Collection entries:
Start of Block

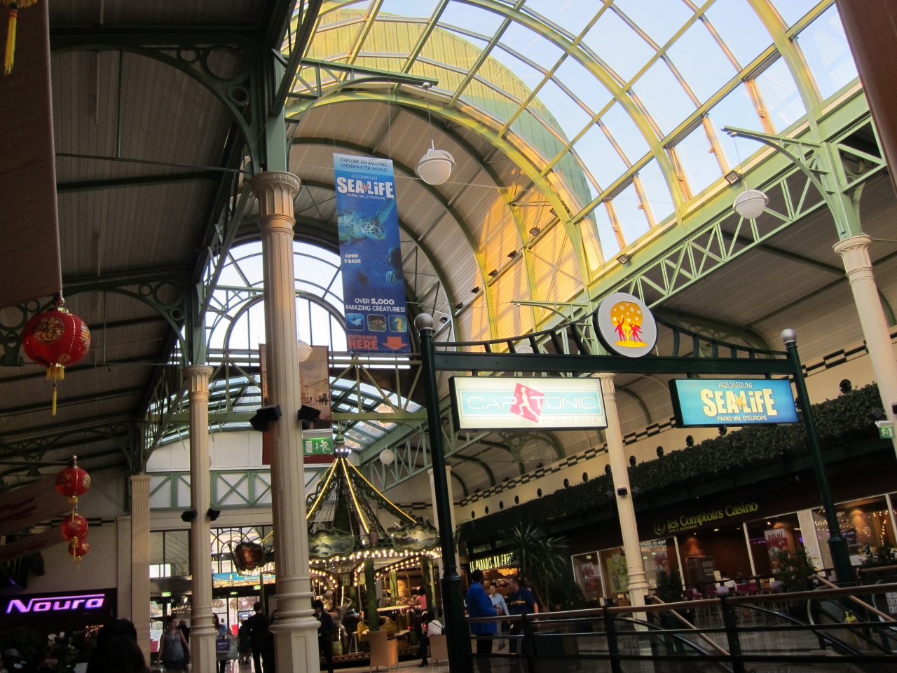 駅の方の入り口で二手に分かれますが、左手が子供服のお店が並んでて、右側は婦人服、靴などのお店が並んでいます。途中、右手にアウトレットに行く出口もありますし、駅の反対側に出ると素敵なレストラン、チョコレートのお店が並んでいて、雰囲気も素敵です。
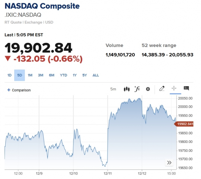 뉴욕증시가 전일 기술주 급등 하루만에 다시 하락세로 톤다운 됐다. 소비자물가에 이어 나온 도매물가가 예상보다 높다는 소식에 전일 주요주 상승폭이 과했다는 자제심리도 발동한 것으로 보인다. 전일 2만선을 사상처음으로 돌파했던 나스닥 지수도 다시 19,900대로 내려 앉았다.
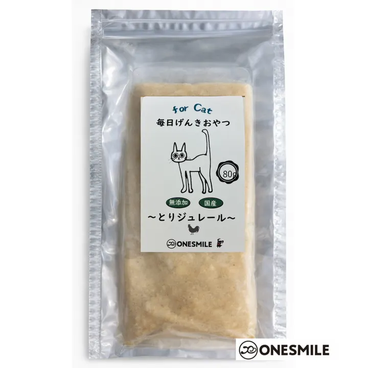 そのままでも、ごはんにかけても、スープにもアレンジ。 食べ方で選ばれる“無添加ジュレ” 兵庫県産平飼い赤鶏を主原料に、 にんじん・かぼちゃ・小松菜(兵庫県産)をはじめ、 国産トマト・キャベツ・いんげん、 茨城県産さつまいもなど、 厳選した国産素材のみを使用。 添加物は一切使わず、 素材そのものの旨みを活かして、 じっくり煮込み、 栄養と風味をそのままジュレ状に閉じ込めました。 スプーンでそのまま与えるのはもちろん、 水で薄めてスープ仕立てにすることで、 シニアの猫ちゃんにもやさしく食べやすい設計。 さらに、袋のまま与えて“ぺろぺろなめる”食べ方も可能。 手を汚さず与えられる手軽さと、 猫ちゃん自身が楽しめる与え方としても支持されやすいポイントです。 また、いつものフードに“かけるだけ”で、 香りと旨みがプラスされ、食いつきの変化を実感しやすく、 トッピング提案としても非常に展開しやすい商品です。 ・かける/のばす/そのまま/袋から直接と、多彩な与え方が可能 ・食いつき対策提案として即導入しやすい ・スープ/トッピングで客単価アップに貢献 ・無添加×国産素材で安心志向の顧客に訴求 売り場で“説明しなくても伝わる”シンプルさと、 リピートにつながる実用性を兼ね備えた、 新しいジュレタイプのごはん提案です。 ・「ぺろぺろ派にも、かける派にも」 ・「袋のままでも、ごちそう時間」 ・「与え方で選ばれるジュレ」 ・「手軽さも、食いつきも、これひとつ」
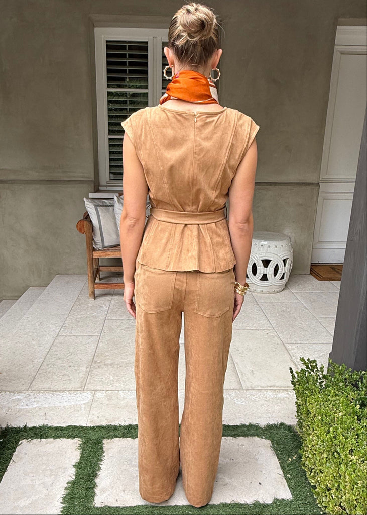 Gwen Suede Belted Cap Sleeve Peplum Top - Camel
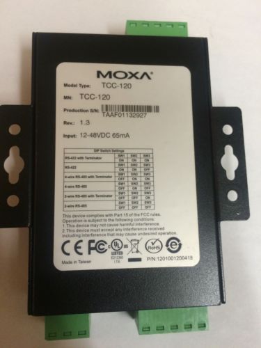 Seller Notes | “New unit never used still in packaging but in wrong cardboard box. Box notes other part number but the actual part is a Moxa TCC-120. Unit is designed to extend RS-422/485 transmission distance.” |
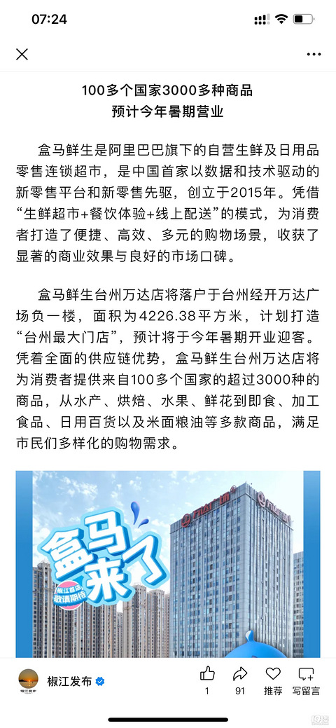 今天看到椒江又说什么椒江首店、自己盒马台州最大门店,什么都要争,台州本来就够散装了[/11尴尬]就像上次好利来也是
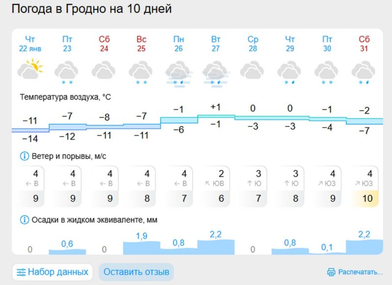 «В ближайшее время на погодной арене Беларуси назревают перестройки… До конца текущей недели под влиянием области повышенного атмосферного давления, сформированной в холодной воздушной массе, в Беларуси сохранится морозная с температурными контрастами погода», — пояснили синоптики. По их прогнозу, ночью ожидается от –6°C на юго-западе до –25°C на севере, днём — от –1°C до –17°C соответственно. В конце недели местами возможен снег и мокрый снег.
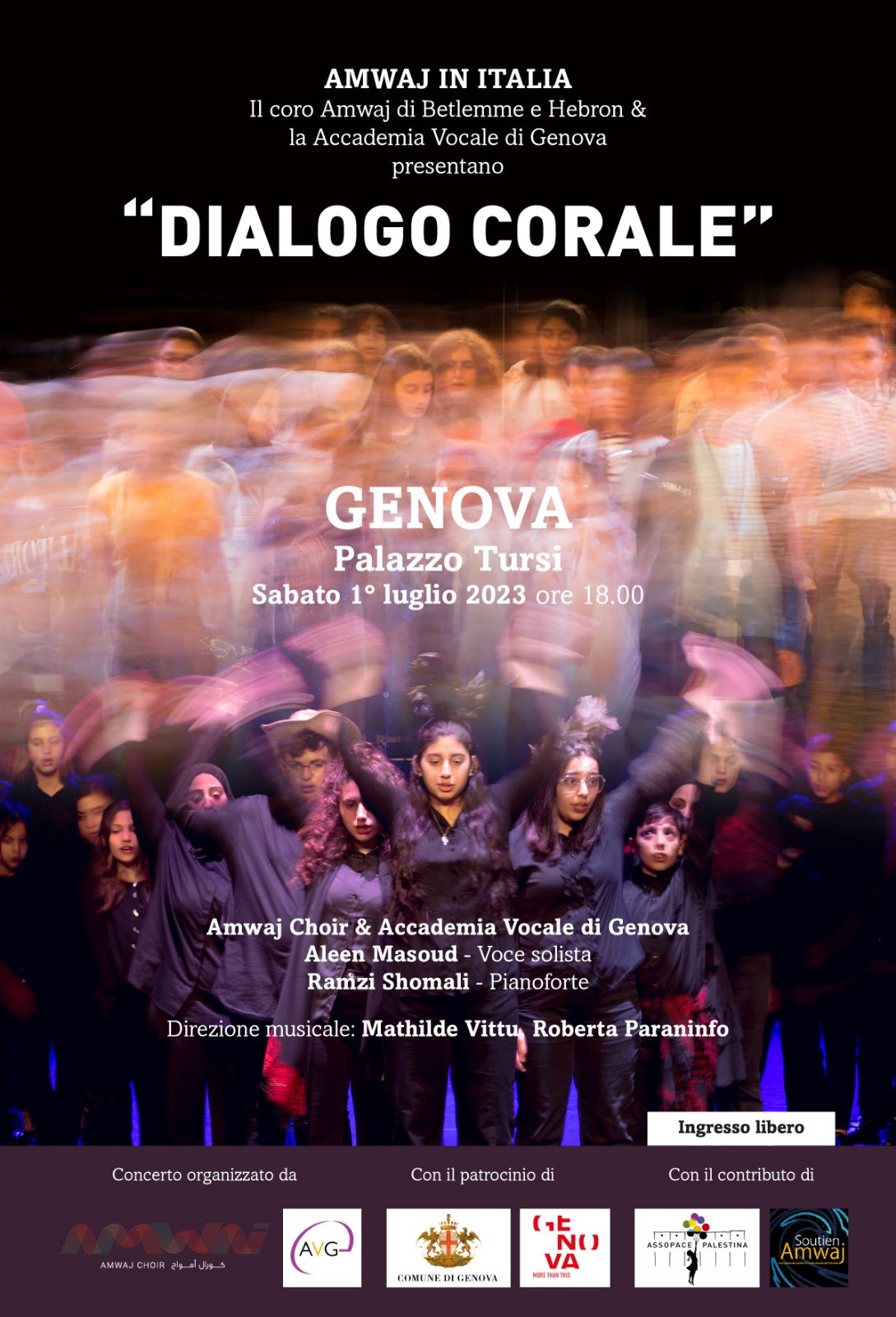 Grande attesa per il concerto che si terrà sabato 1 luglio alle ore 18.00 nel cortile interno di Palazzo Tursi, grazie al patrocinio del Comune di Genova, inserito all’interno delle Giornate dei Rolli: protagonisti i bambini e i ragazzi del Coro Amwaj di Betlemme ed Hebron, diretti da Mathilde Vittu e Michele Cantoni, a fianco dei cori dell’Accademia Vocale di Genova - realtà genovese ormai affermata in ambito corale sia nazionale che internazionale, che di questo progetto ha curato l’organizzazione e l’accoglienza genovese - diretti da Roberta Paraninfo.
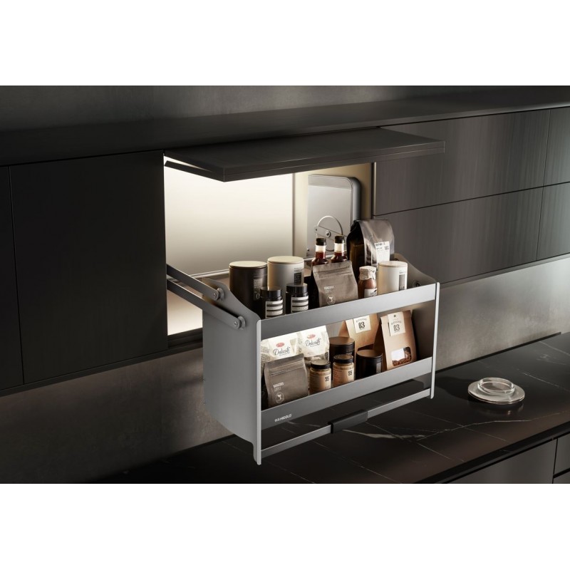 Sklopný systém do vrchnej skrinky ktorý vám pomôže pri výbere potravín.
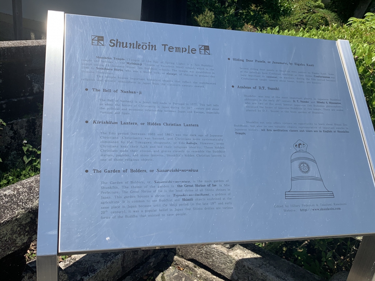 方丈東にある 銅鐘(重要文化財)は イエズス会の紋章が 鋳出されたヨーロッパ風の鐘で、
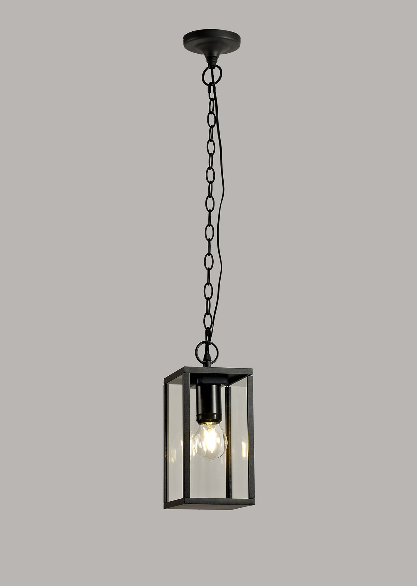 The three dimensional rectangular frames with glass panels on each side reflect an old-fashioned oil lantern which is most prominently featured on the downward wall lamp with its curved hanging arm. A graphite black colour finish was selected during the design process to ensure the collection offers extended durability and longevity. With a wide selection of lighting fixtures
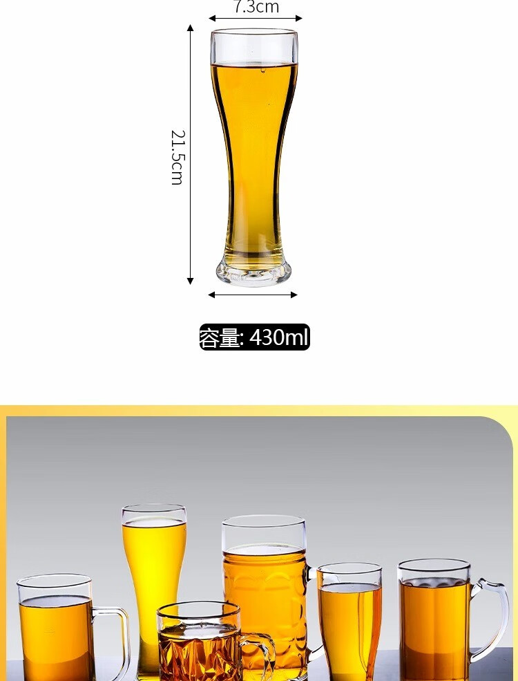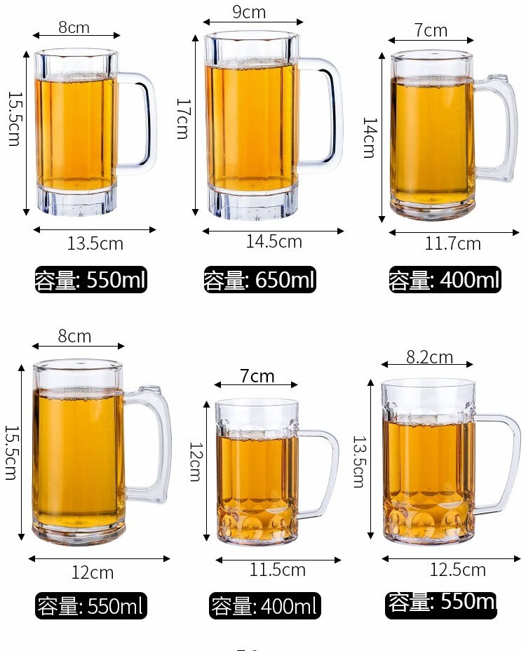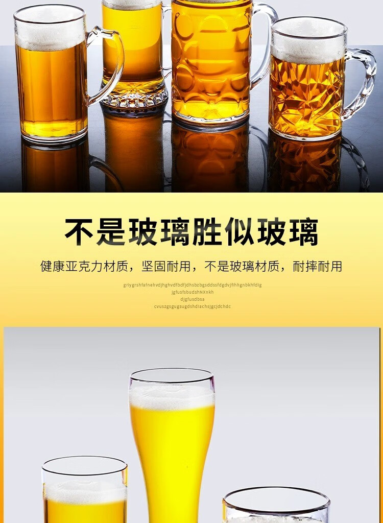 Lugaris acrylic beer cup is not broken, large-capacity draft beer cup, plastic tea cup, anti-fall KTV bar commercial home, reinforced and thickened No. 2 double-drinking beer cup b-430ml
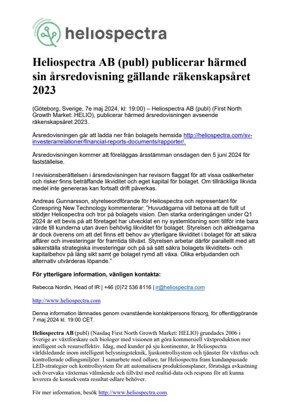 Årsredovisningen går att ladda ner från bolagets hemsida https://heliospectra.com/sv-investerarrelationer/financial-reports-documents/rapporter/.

End of Block

→ Task item
The answer must be an exact reproduction of the records, with every picture left out.

→ Result below
 駅の方の入り口で二手に分かれますが、左手が子供服のお店が並んでて、右側は婦人服、靴などのお店が並んでいます。途中、右手にアウトレットに行く出口もありますし、駅の反対側に出ると素敵なレストラン、チョコレートのお店が並んでいて、雰囲気も素敵です。
 뉴욕증시가 전일 기술주 급등 하루만에 다시 하락세로 톤다운 됐다. 소비자물가에 이어 나온 도매물가가 예상보다 높다는 소식에 전일 주요주 상승폭이 과했다는 자제심리도 발동한 것으로 보인다. 전일 2만선을 사상처음으로 돌파했던 나스닥 지수도 다시 19,900대로 내려 앉았다.
 そのままでも、ごはんにかけても、スープにもアレンジ。 食べ方で選ばれる“無添加ジュレ” 兵庫県産平飼い赤鶏を主原料に、 にんじん・かぼちゃ・小松菜(兵庫県産)をはじめ、 国産トマト・キャベツ・いんげん、 茨城県産さつまいもなど、 厳選した国産素材のみを使用。 添加物は一切使わず、 素材そのものの旨みを活かして、 じっくり煮込み、 栄養と風味をそのままジュレ状に閉じ込めました。 スプーンでそのまま与えるのはもちろん、 水で薄めてスープ仕立てにすることで、 シニアの猫ちゃんにもやさしく食べやすい設計。 さらに、袋のまま与えて“ぺろぺろなめる”食べ方も可能。 手を汚さず与えられる手軽さと、 猫ちゃん自身が楽しめる与え方としても支持されやすいポイントです。 また、いつものフードに“かけるだけ”で、 香りと旨みがプラスされ、食いつきの変化を実感しやすく、 トッピング提案としても非常に展開しやすい商品です。 ・かける/のばす/そのまま/袋から直接と、多彩な与え方が可能 ・食いつき対策提案として即導入しやすい ・スープ/トッピングで客単価アップに貢献 ・無添加×国産素材で安心志向の顧客に訴求 売り場で“説明しなくても伝わる”シンプルさと、 リピートにつながる実用性を兼ね備えた、 新しいジュレタイプのごはん提案です。 ・「ぺろぺろ派にも、かける派にも」 ・「袋のままでも、ごちそう時間」 ・「与え方で選ばれるジュレ」 ・「手軽さも、食いつきも、これひとつ」
 Gwen Suede Belted Cap Sleeve Peplum Top - Camel
 Seller Notes | “New unit never used still in packaging but in wrong cardboard box. Box notes other part number but the actual part is a Moxa TCC-120. Unit is designed to extend RS-422/485 transmission distance.” |
 今天看到椒江又说什么椒江首店、自己盒马台州最大门店,什么都要争,台州本来就够散装了[/11尴尬]就像上次好利来也是
 «В ближайшее время на погодной арене Беларуси назревают перестройки… До конца текущей недели под влиянием области повышенного атмосферного давления, сформированной в холодной воздушной массе, в Беларуси сохранится морозная с температурными контрастами погода», — пояснили синоптики. По их прогнозу, ночью ожидается от –6°C на юго-западе до –25°C на севере, днём — от –1°C до –17°C соответственно. В конце недели местами возможен снег и мокрый снег.
 Grande attesa per il concerto che si terrà sabato 1 luglio alle ore 18.00 nel cortile interno di Palazzo Tursi, grazie al patrocinio del Comune di Genova, inserito all’interno delle Giornate dei Rolli: protagonisti i bambini e i ragazzi del Coro Amwaj di Betlemme ed Hebron, diretti da Mathilde Vittu e Michele Cantoni, a fianco dei cori dell’Accademia Vocale di Genova - realtà genovese ormai affermata in ambito corale sia nazionale che internazionale, che di questo progetto ha curato l’organizzazione e l’accoglienza genovese - diretti da Roberta Paraninfo.
 Sklopný systém do vrchnej skrinky ktorý vám pomôže pri výbere potravín.
 方丈東にある 銅鐘(重要文化財)は イエズス会の紋章が 鋳出されたヨーロッパ風の鐘で、
 The three dimensional rectangular frames with glass panels on each side reflect an old-fashioned oil lantern which is most prominently featured on the downward wall lamp with its curved hanging arm. A graphite black colour finish was selected during the design process to ensure the collection offers extended durability and longevity. With a wide selection of lighting fixtures
 Lugaris acrylic beer cup is not broken, large-capacity draft beer cup, plastic tea cup, anti-fall KTV bar commercial home, reinforced and thickened No. 2 double-drinking beer cup b-430ml
 Årsredovisningen går att ladda ner från bolagets hemsida https://heliospectra.com/sv-investerarrelationer/financial-reports-documents/rapporter/.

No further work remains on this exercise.